Identifying life is difficult, and we need to establish a baseline first.
Between Europa, Enceladus, Titan, Venus, Ariel, and a few other celestial bodies, things aren't looking too bad. And while I think finding even a basic life-form is inevitable, what we do in the meantime is shrouded in ambient dread.
We talk about the basic ingredients of life like carbon, hydrogen, nitrogen, oxygen, phosphorus and sulfur, knowing full well that it takes more than that to actually create life. You need the right chemical reactions, and that's where humans come in.
My prediction is that one day we find these ingredients, but no life-forms. For whatever reason we cannot surmise, there just isn't life on said celestial body. Maybe there's an ingredient missing, or there was just no spark. It's like having all of the ingredients to make a cake, but they just weren't put together.
Whatever the reason it never began, the temperature on said celestial body is fine, the radiation is minimal, and it's an otherwise totally survivable environment.
So, we do it ourselves.
We send a probe to collect the samples, bring them back to Earth, and in a hermetically-sealed lab, we use those ingredients to spark life. Then we ship it back to said celestial body, and the samples take on a life of their own. Literally. We create alien life.

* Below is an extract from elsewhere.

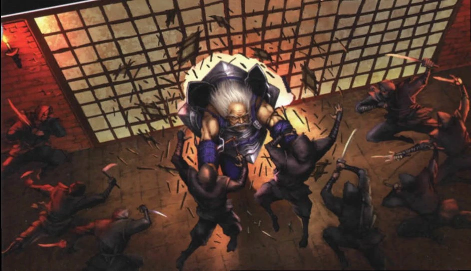 In the Month of the Hare of 1128, [45] believing the Emperor was dying, the Crab stormed Otosan Uchi to place Kisada on the throne. Instead, they found Fu Leng had possessed Hantei XXXIX, [46] who had killed his own guards, including the Hidden Guard. Kisada, who wore Ketsuen and wielded Chikara, could do nothing to stop the Uncanny Speed of the Dark Kami, [47] who mortally wounded Kisada, lodging Akkuai-uo, the Ancestral Sword of the Hantei, in his gut. [48] The Crab army was forced to retreat from the capital as Yakamo pulled his father from the palace through the tunnels below the Imperial Palace, guided by a servant of Kachiko. [49] The Shadowlands Horde turned on its Crab allies, who fled by land and sea. The mad shugenja Yogo Junzo was allowed by the Emperor to enter the Forbidden Palace. [45]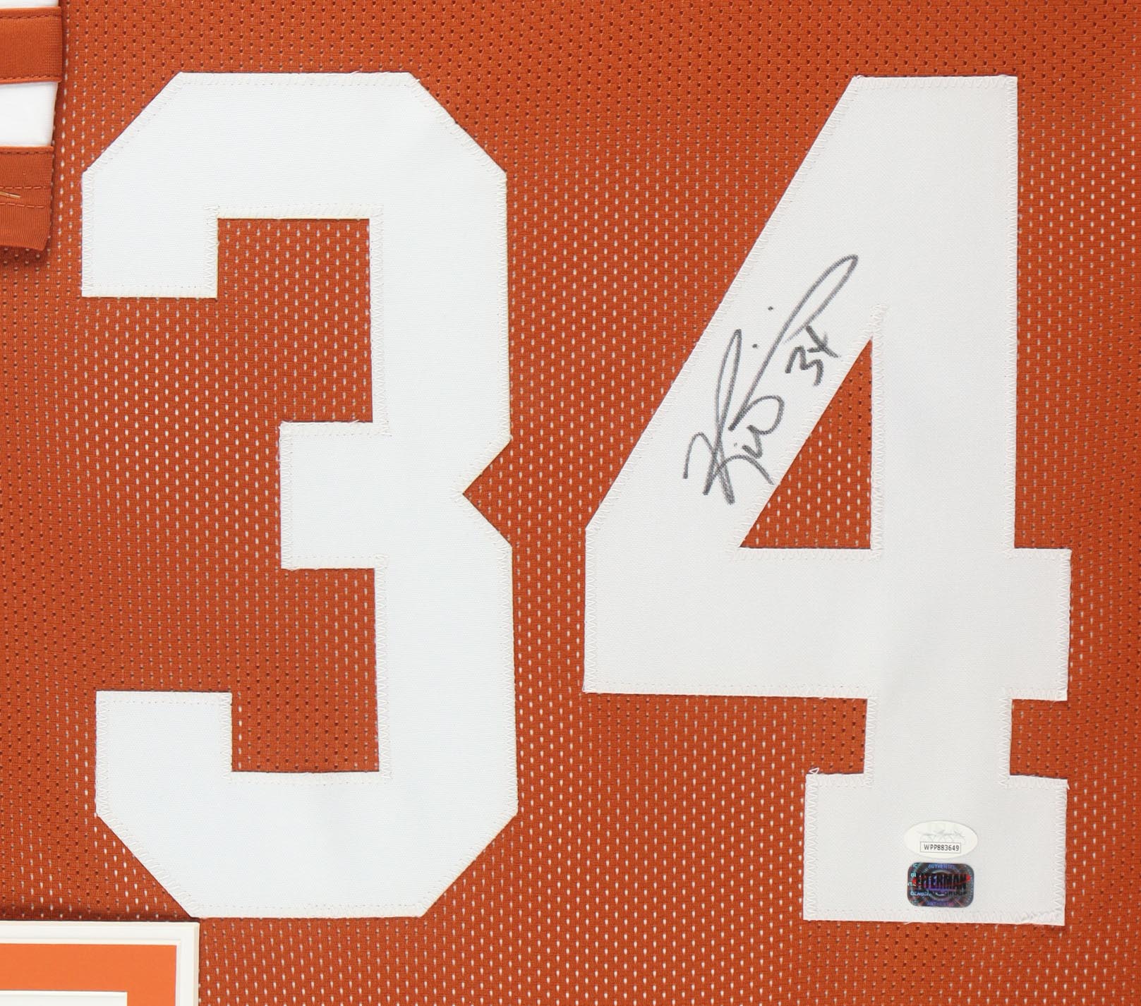Custom frame measures approximately 34" x 42" in size and features a jersey that has been hand-signed by Ricky Williams.

Whatever happens to us after that won't matter. The remnants of our experiments could live on for millions of years. It makes me wonder if that's how life on Earth began - as an experiment that was left forgotten?
These actions seem entirely plausible and on-brand for humanity. And yet there's something comforting about the idea that all life in the universe began in one spot, somewhere we've never been and may never know about, and life can't help but spread throughout the universe in its own way.